JU would have to prove itself before becoming the tourney’s darlings.
In their first-round game with Western Kentucky — a contest billed as a clash between dueling giants Artis Gilmore and the Hilltoppers’ seven-foot sensation Jim McDaniels — the Dolphins prevailed 109-96. Gilmore and Pembrook completely dominated the inside play, forcing Western Kentucky to do most of its scoring from long range.
The upstart Dolphins then edged Big Ten champion Iowa in the second round, defeating the high-scoring Hawkeyes in a 104-103 thriller when Burrows — JU’s other skyscraper — followed up on a missed shot with two seconds remaining to put Jacksonville in the Mideast Regional championship game against top-seeded Kentucky, coached by the legendary Adolph Rupp.
Unlike Williams, who was just getting his first taste of the pressure-packed tournament, Rupp’s teams had competed in 44 previous NCAA tournament games while winning four national championships over a period of several decades.
Behind hot-shooting Rex Morgan’s 28 points, the Dolphins stunned the Wildcats — and the basketball world — in a 106-100 shootout. Gilmore scored 24 points and seized 20 boards to put the upset-minded Dolphins in the Final Four.
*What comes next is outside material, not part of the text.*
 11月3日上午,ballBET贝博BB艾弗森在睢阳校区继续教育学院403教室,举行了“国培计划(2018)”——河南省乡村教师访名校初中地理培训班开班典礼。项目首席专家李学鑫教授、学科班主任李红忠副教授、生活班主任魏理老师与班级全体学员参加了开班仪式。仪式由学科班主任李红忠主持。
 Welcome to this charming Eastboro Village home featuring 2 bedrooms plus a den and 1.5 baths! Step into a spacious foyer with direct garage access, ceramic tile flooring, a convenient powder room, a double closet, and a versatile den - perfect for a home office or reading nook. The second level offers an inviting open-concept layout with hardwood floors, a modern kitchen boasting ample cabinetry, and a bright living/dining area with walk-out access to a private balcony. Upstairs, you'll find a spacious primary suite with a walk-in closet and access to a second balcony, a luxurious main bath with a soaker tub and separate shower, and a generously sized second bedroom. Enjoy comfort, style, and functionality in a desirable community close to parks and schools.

Not bad for a school that lost to the likes of Wilmington College only a few years earlier!
Jacksonville’s tournament inexperience, however, began to show during its semifinal game against third-seeded St. Bonaventure, a stubborn and crippled squad playing without its star center, 6’11” All-American Bob Lanier.
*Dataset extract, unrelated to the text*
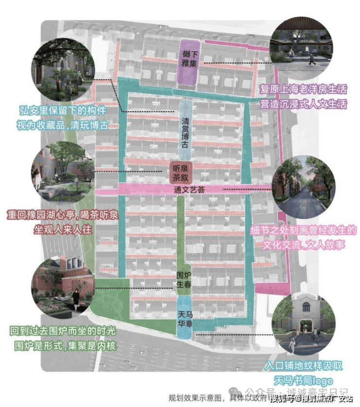 在社区的中轴上,弘安里植入记忆的符号与生活的画面,从入口处「天马华章」迈步前行,「围炉生春」「通文艺荟」「听泉茶叙」「清赏博古」贯穿到此次实景开放的「樾下雅集」,海派生活画卷昨日重现。
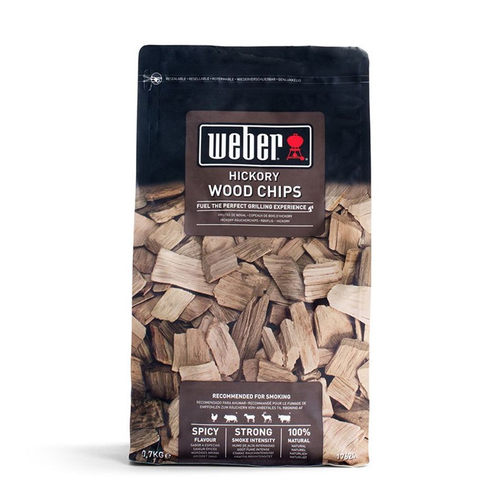 Weber rökflis/chips av hickory. Rökflisen levereras i en praktiskt återförslutningsbar påse. Hickoryträ ger dig en kraftig och skarp baconaktiv röksmak. ickory Rökflis passar utmärkt till rökning av bland annat nötkött, fläskkött och vilt.

The undersized Bonnies kept the game much closer than anyone thought possible, holding the Dolphins to an 8-point halftime advantage and closing to within four points during an erratically played five-minute stretch late in the second half.
But with Gilmore again dominating the glass — he scored 29 points and almost effortlessly grabbed 21 rebounds — the Dolphins ultimately prevailed 91-83, thereby earning their way into the championship game against UCLA, coached by the immortal John Wooden.
Analysts and pundits suggested that Jacksonville wouldn’t have won if Lanier had been able to play, but Williams sharply disagreed. “Everybody says that St. Bonaventure would have won if they had Lanier,” he remarked. “But how can anybody prove it? We were supposed to win, and we did.”
Lanier or not, Jacksonville was in the championship game.
While JU’s luck was about to run out, the anticipation in the sleepy River City couldn’t have been greater. Old timers say it was “the day Jacksonville stood still.” Everybody, it seemed, was glued to their television sets.
Seeking his sixth national championship in seven years, the “Wizard of Westwood” had his post-Lew Alcindor crew, led by stalwart Sidney Wicks, ready for the upset-minded Dolphins.
JU jumped out to an early 14-6 lead, but the Bruins dominated the rest of the way with the 6’8” Wicks — giving up a full 5 ½ inches to Gilmore — limiting the Dolphins’ much taller center to 9-29 shooting from the floor and only 16 rebounds en route to a relatively easy 80-69 victory.
UCLA’s interior defense harassed Jacksonville’s 7’2” center into one of the worst shooting performances of his collegiate career, far below his 58 percent field-goal percentage for the season.
Wicks, moreover, blocked five of Gilmore’s shots, causing JU’s towering treasure to lose his poise and —uncharacteristically — force a number of bad shots that he normally wouldn’t have taken. Gilmore missed his first five shots in the second half as UCLA pulled away.
“That Wicks looked as if he had springs on his feet,” a gloomy and disappointed Gilmore quipped after the game.
Incredibly, some 10,000 fans on the First Coast turned out at the Jacksonville Gator Bowl to welcome the team home on March 22.
Long regarded as an overgrown country town, Jacksonville was now on the map, at least in college basketball circles as everybody suddenly wanted to include JU on their schedules.
The Dolphins, unfortunately, were unable to repeat their miraculous run in 1970-71, but they did earn another trip to the NCAA tournament, only to lose a 74-72 last-second heartbreaker to Western Kentucky in the opening round.